Repair macOS Hard Drive with Disk Utility


Steps to repair a failing Mac hard drive are discussed below:


Step 1: Reboot macOS and immediately press-hold Command + R simultaneously.


Step 2: Shortly, you will be booted in the Recovery Mode. Here, you are presented with four options to troubleshoot your Mac. Disk Utility is one of those four options; click Disk Utility to launch.


Step 3: Choose your start-up disk (Macintosh HD) and run First Aid to repair cryptic disk errors on Mac hard drive.


There will be two possible outcomes after the Disk Utility is done repairing the failing Mac drive:


i) Mac start-up disk is repaired successfully with the Disk Utility: When the Disk Utility shows you the output that it has repaired the corrupt disk successfully then you can log-out from the recovery partition and boot into the desktop as you would usually do.

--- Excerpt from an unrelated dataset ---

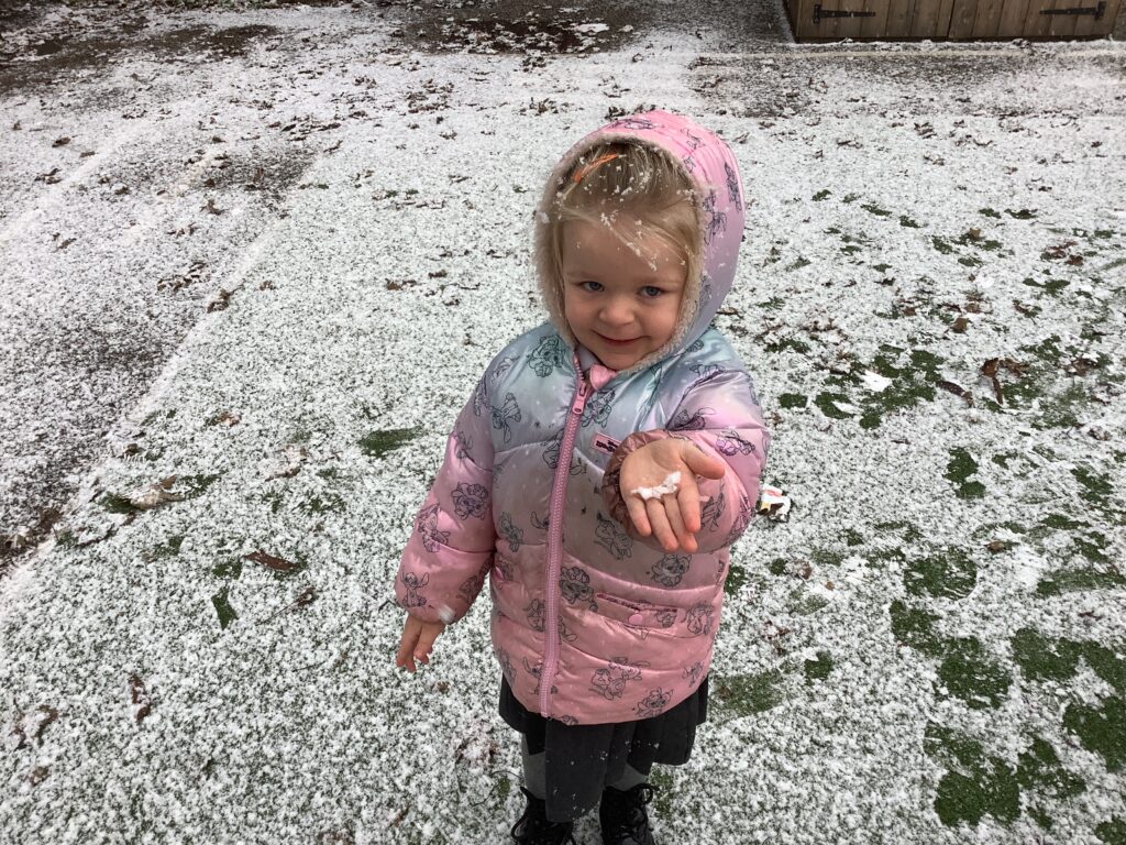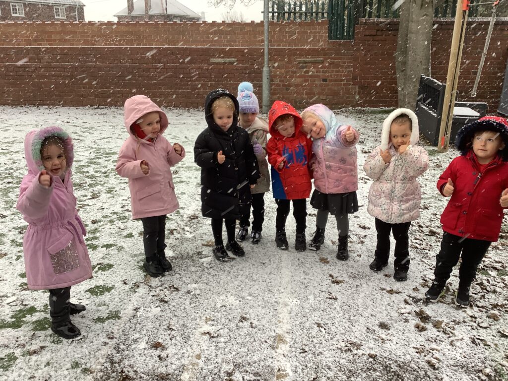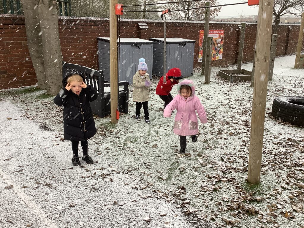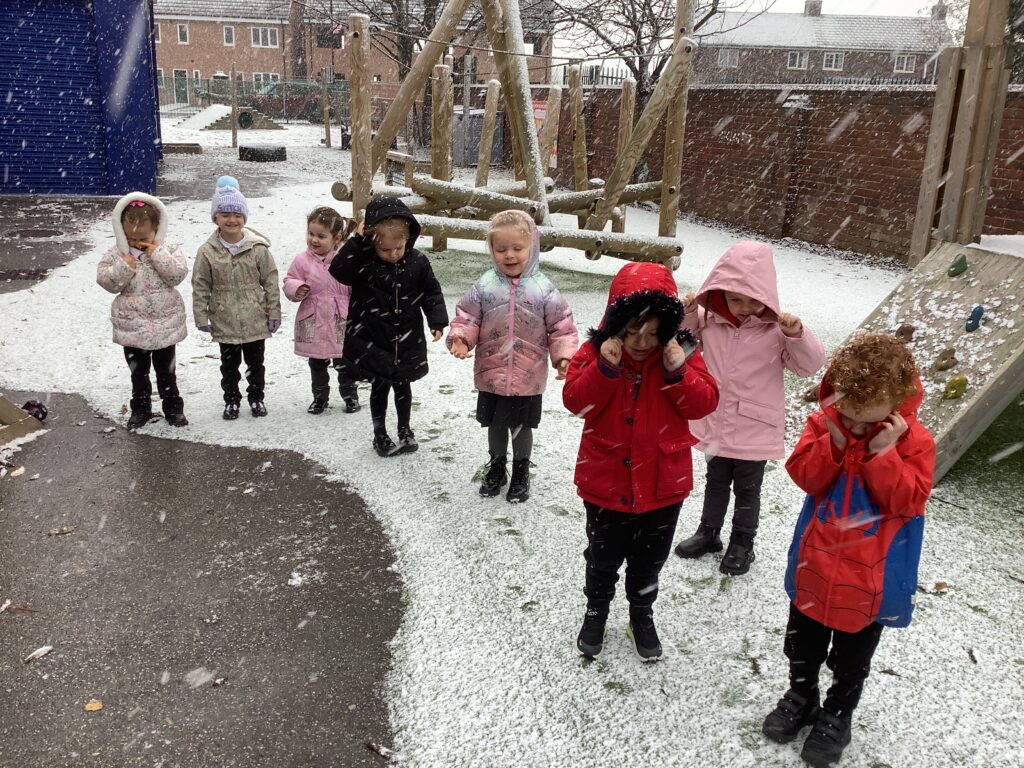 Today crew Frost have timed it perfectly in our phonic session by planning and executing another environmental walk. During this phonics session nursery focused on the weather by marking marks on their boards for what they could see and the way the weather felt. When we came back we practiced our Fredding skills by asking questions such as was it h-o-t? Then we used our think, pair, share protocol to discuss the meanings to the marks we had made for our outside adventure. The children loved the snow! Well done for another successful phonics session Crew Frost.

ii) Disk Utility Can’t Repair the Corrupt Start-up Disk Drive!: There are several limitations of the Disk Utility itself such as it can’t repair a corrupt partition map. Also, it can’t repair advance disk errors such as Invalid-B Tree Node. To Repair Invalid B Tree Node on a start-up disk it is required to back up the Mac drive and erase it with a new partition scheme.



Regards,

Adrian


Sep 19, 2019 8:00 PM in response to xSocialx

Did you erase the whole physical drive so you would only have a single "Macintosh HD" volume? You may need to click on "View" within Disk Utility and select "Show All Devices" before the physical drive will show up in the left pane of Disk Utility.


It sounds like you may have a failing hard drive. Depending on the age of the iMac, you can try running the Apple Diagnostics. If you can boot macOS (internal or externally), then you can run DriveDX to check the health of the hard drive.

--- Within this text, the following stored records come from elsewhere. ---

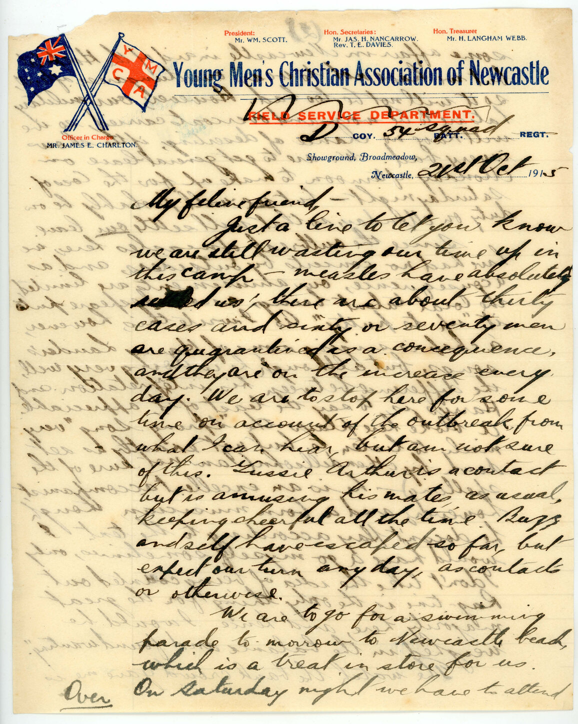 James "Dick" Long, Letter from James "Dick" Long to Mary "Min" and Amy "Ame" Long, 21 October 1915 (21st October 1915), [DL19151021]. Living Histories, accessed 08/03/2026, https://livinghistories.newcastle.edu.au/nodes/view/118593
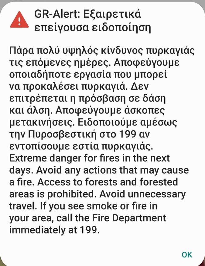Το μήνυμα από την Πολιτική Προστασία προειδοποιεί για αυξημένο κίνδυνο πυρκαγιάς και γνωστοποιεί την απαγόρευση κυκλοφορίας στα δάση και στα άλση του νομού μας.
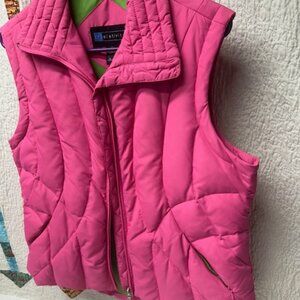 The realativity Quilted Puffy Vest in woman's size medium is a stylish and comfortable outerwear piece perfect for the colder months. Made from polyester, this vest features a puffer jacket style with a pink color, making it a fashionable choice for women. The regular fit and medium size ensure a comfortable and flattering silhouette. Perfect for layering over your outfit to stay warm and chic during the colder weather.
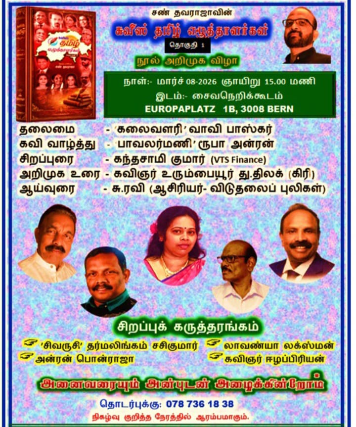 ஊடகவியலாளரும், எழுத்தாளருமான சண் தவராஜா எழுதிய “சுவிஸ் தமிழ் எழுத்தாளர்கள்” தொகுதி 1 நூல் அறிமுக விழா சுவிட்சர்லாந்தில் இடம்பெறவுள்ளது.
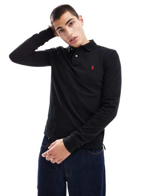 Polo Ralph Lauren - Sort langærmet slim fit-polo i piqué med ikonlogo
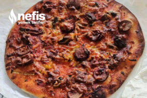 9. Hamurun tabanını çatalla delin. Evvel sosu düzgünce hamura yayın. Sonra da üst materyalleri yayın. En son kaşar rendesini serpin.
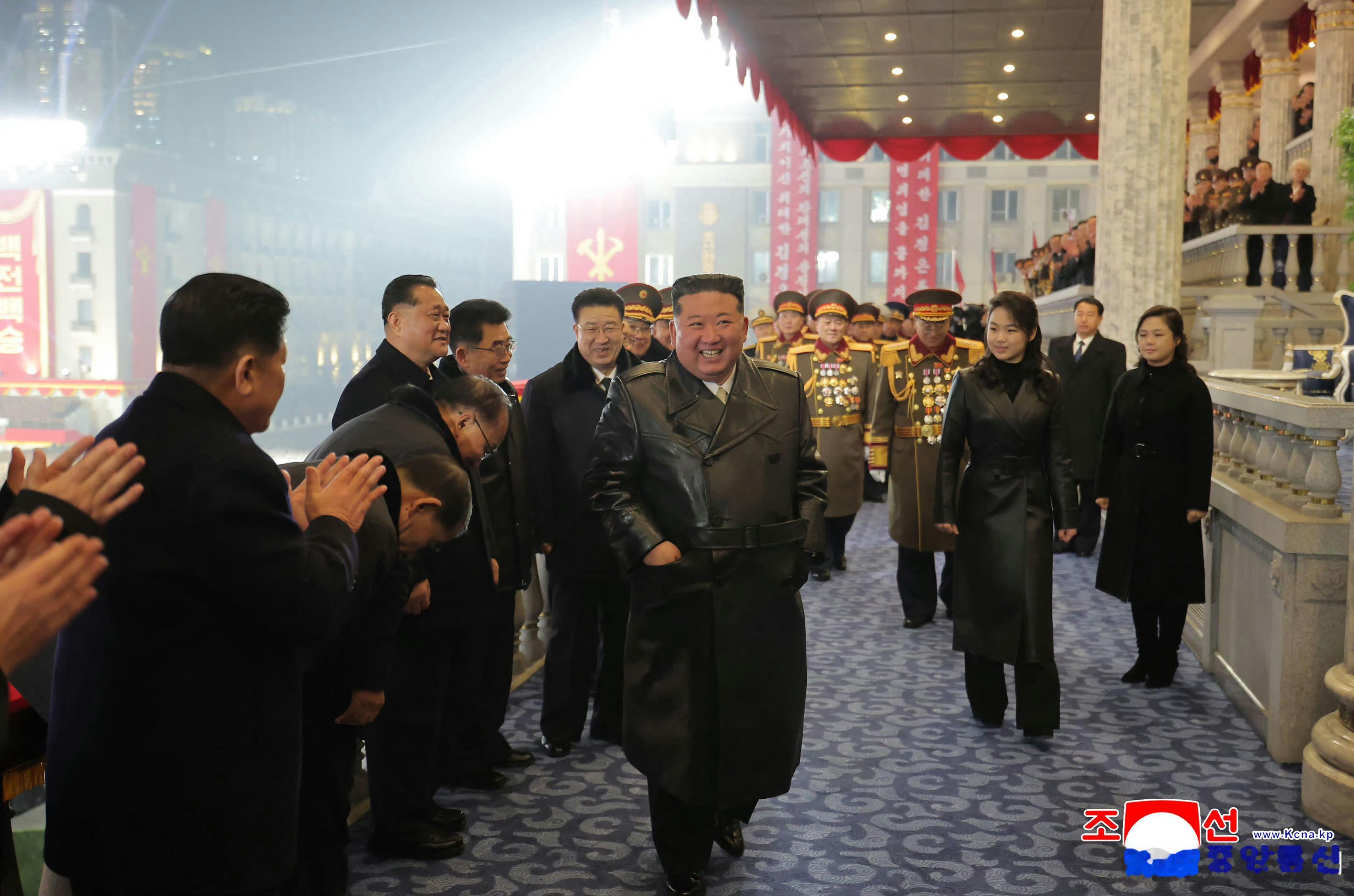 朝鲜庆祝九大的夜间阅兵,一家三口出席。

If none of these are options, then create a bootable Knoppix Linux USB drive using Etcher (Mac/Windows/Linux). Option Boot the Knoppix USB drive and select the orange icon labeled "EFI". At the Knoppix desktop, click on the "Start" menu on the bottom left of the Taskbar and navigate to "System Tools --> GSmartControl". Within the GSmartControl app, double-click on the iMacs drive icon which will provide you with the health information and attributes for the drive.


Post the report here using the "Additional Text" icon which looks like a piece of paper. If you have multiple drives in the iMac, then post a report for each one.